- **EXERCISE OBJECTIVE**: Return the listing exactly. Keep no pictures.

- **DATA**:
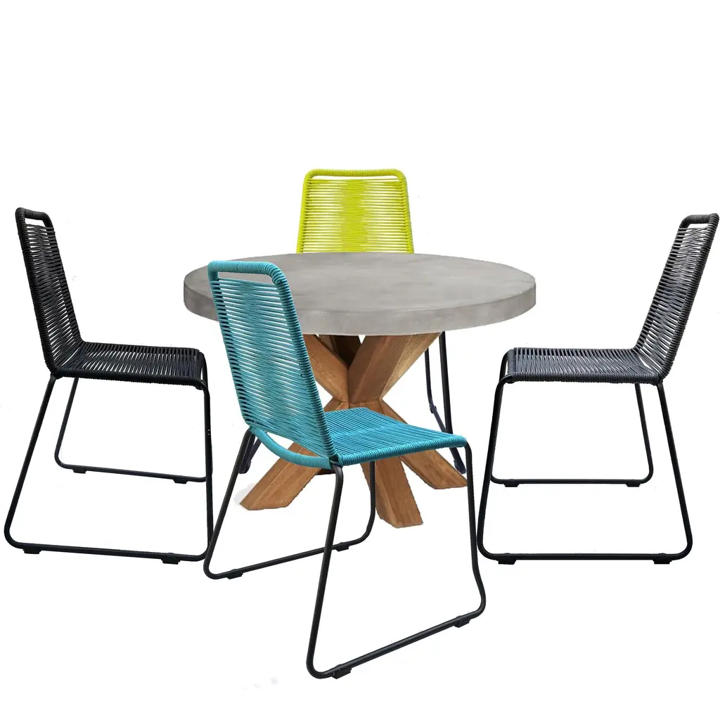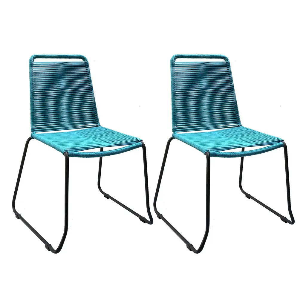 Experience the perfect blend of durability and style with the DreamPatio Lux Rope Chair - Set of 2, available in Jet Black, Lava Grey, Lemon Yellow, or Tiffany Blue. These outdoor dining chairs feature a sturdy galvanized frame with a black powder-coated finish, while the UV-treated polypropylene rope ensures long-lasting use. The fishbone weave rope provides a comfortable seating experience without the need for extra cushions. Stackable and low maintenance, these chairs come fully assembled and include a standard 2-year limited warranty. Please note that color and saturation may vary due to lighting and screen settings.Features:
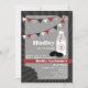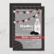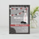 A birthday invitation featuring an illustration of a bottle of milk with red and white striped straw and two chocolate sandwich cookies. Invitation also features chevron and solid bunting and sunburst design. Background has "bite" at bottom left corner. Personalise the text.
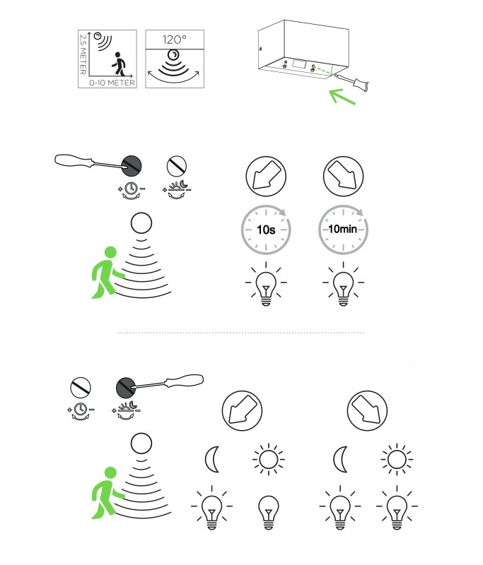 | Wykonanie: | Czas świecenia po wykryciu ruchu: od 10 sekund do 10 minut |

- **TASK SOLUTION**:
 Experience the perfect blend of durability and style with the DreamPatio Lux Rope Chair - Set of 2, available in Jet Black, Lava Grey, Lemon Yellow, or Tiffany Blue. These outdoor dining chairs feature a sturdy galvanized frame with a black powder-coated finish, while the UV-treated polypropylene rope ensures long-lasting use. The fishbone weave rope provides a comfortable seating experience without the need for extra cushions. Stackable and low maintenance, these chairs come fully assembled and include a standard 2-year limited warranty. Please note that color and saturation may vary due to lighting and screen settings.Features:
 A birthday invitation featuring an illustration of a bottle of milk with red and white striped straw and two chocolate sandwich cookies. Invitation also features chevron and solid bunting and sunburst design. Background has "bite" at bottom left corner. Personalise the text.
 | Wykonanie: | Czas świecenia po wykryciu ruchu: od 10 sekund do 10 minut |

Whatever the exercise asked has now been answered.